**Problem**
From the data below, return all lines holding the string "have".

**Data for this task**
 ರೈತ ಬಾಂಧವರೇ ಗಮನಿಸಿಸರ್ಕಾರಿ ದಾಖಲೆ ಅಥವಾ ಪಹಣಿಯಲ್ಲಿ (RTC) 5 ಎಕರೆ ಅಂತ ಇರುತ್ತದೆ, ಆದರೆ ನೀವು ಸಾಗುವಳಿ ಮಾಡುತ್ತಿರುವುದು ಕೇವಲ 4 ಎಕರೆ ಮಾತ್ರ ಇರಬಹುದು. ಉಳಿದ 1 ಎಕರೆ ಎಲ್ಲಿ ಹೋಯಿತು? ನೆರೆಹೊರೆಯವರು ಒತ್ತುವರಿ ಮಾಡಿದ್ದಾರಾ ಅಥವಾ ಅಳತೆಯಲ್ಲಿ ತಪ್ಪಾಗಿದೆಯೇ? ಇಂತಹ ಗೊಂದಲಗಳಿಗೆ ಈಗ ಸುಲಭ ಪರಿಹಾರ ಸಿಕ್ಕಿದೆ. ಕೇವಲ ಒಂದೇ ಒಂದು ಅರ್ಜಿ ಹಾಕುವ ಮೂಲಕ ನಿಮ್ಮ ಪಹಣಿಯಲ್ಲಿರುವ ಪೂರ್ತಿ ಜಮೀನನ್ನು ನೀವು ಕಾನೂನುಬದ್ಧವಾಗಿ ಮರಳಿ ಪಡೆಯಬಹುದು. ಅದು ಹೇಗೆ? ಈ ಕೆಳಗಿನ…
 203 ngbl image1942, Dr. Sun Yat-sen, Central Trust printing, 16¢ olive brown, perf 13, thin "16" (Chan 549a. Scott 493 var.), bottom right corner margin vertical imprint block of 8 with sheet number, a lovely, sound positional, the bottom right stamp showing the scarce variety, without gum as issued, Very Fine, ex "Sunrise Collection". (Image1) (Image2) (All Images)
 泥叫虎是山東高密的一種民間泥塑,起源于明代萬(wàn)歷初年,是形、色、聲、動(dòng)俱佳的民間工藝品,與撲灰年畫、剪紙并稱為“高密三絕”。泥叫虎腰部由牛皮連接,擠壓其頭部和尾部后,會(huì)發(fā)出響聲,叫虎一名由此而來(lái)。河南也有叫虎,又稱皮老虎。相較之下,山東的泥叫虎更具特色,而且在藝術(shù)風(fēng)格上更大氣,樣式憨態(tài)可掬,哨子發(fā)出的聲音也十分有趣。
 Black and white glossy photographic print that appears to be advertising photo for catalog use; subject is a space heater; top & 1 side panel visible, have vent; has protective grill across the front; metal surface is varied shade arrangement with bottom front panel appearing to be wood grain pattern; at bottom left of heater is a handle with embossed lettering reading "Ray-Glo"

--

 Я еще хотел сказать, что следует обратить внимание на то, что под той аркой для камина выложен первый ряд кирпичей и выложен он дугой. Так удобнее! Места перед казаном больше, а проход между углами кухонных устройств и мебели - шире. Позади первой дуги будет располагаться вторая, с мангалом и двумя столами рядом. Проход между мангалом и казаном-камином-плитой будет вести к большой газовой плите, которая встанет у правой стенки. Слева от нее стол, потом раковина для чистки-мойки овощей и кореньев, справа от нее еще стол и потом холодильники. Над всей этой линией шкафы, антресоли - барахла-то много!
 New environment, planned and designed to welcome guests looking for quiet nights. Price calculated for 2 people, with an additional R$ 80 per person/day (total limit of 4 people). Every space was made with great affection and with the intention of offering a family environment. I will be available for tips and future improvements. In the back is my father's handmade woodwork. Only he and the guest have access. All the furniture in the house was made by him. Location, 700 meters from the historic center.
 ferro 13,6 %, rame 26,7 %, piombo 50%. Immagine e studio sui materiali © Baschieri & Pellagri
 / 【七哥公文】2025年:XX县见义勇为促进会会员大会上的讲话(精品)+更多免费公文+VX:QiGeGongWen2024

==

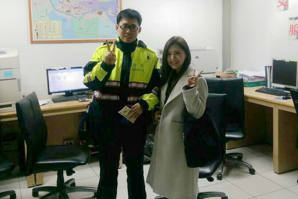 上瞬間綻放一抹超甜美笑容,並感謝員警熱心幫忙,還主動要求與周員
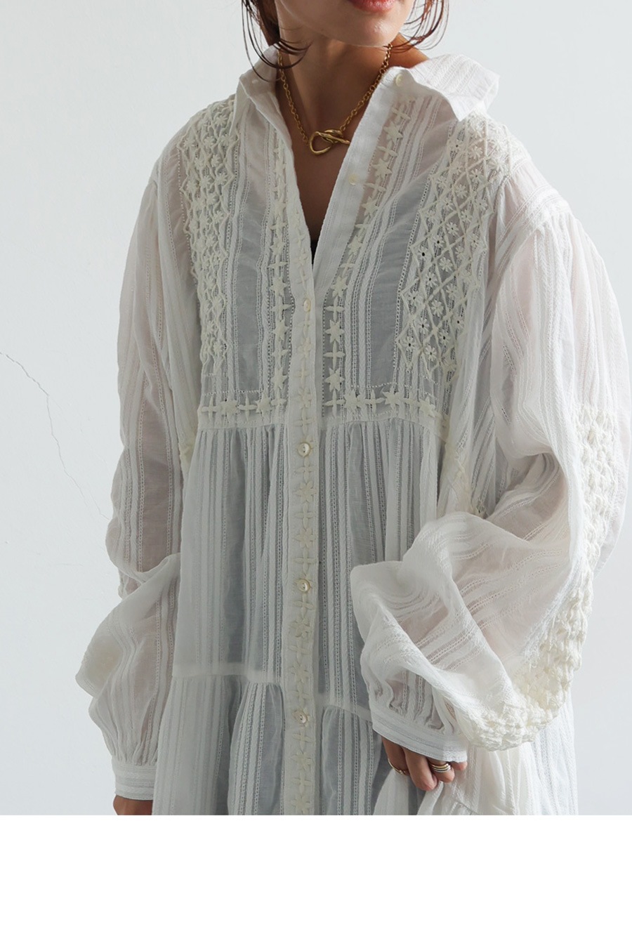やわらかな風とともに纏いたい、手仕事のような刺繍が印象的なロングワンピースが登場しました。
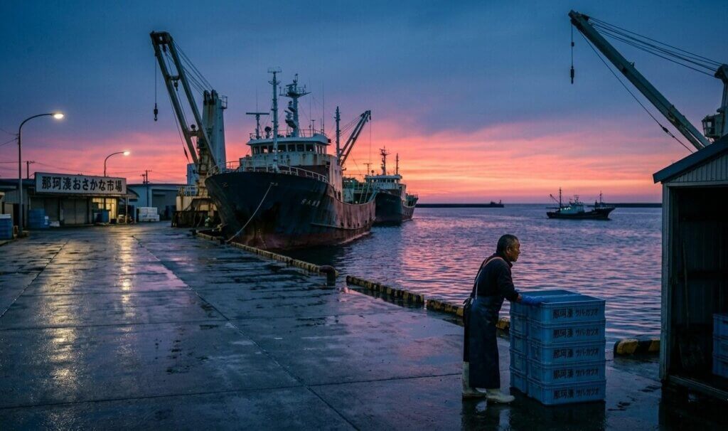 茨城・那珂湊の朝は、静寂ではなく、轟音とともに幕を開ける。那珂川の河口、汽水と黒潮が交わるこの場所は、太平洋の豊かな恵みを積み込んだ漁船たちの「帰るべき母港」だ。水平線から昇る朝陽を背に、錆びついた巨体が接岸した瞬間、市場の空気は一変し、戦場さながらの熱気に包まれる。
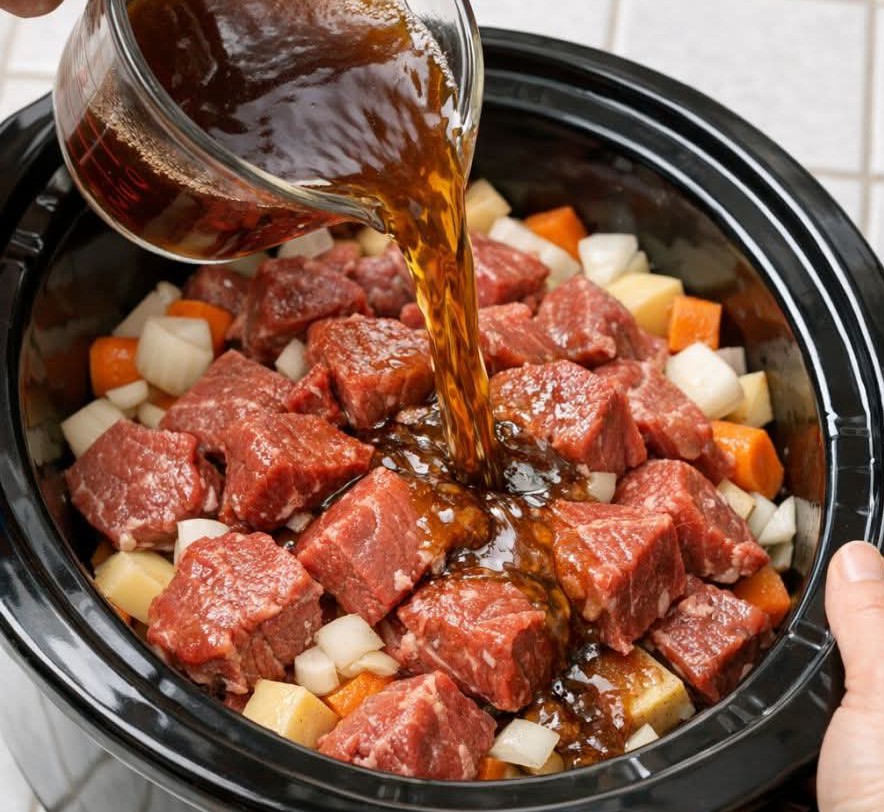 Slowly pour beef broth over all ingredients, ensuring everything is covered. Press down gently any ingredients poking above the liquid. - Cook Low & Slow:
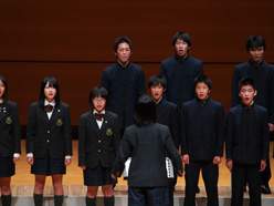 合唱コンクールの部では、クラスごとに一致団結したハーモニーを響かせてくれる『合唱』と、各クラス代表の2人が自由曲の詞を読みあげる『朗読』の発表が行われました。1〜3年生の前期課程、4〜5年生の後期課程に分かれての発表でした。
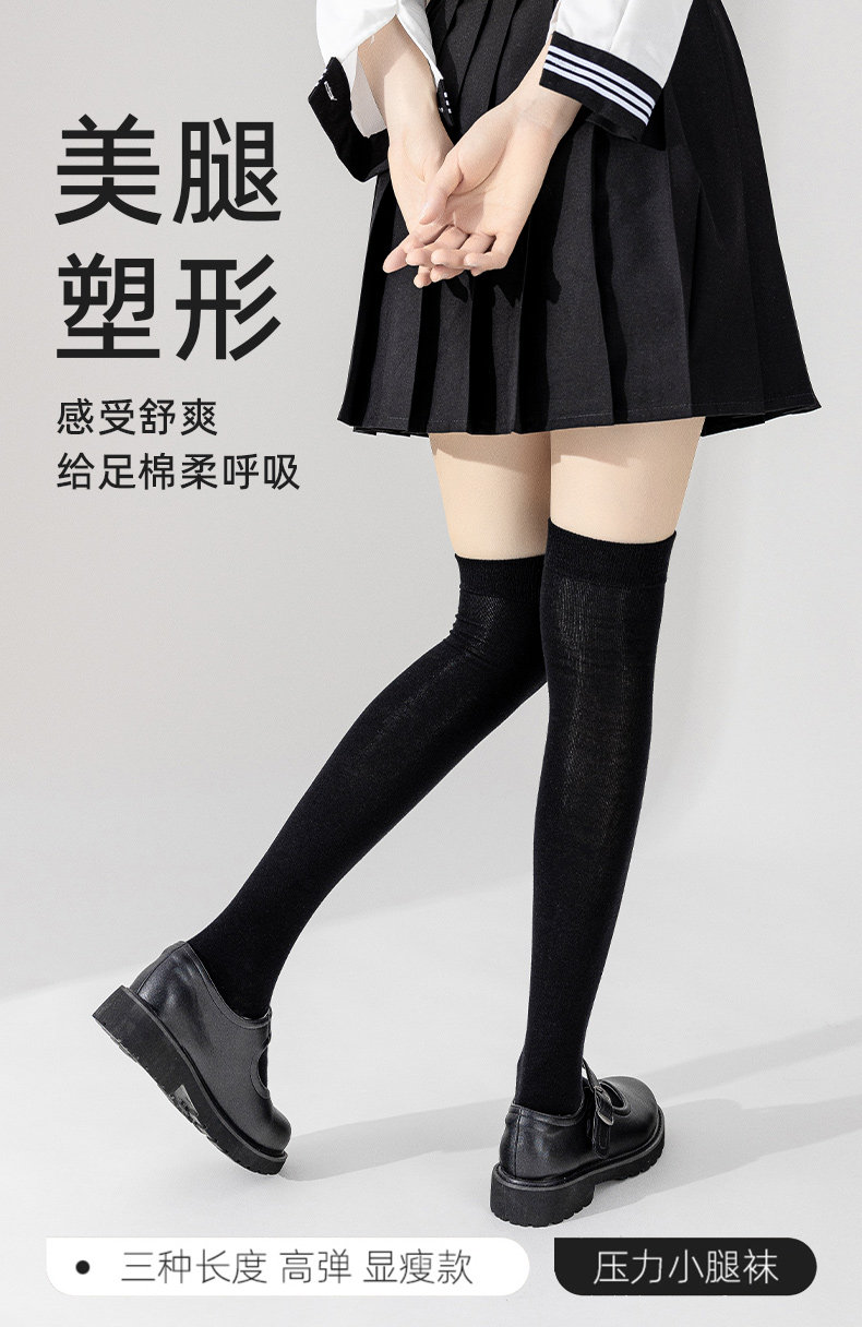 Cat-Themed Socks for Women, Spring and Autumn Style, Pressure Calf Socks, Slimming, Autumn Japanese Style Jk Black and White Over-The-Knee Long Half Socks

**Answer to the problem**
 Black and white glossy photographic print that appears to be advertising photo for catalog use; subject is a space heater; top & 1 side panel visible, have vent; has protective grill across the front; metal surface is varied shade arrangement with bottom front panel appearing to be wood grain pattern; at bottom left of heater is a handle with embossed lettering reading "Ray-Glo"
 New environment, planned and designed to welcome guests looking for quiet nights. Price calculated for 2 people, with an additional R$ 80 per person/day (total limit of 4 people). Every space was made with great affection and with the intention of offering a family environment. I will be available for tips and future improvements. In the back is my father's handmade woodwork. Only he and the guest have access. All the furniture in the house was made by him. Location, 700 meters from the historic center.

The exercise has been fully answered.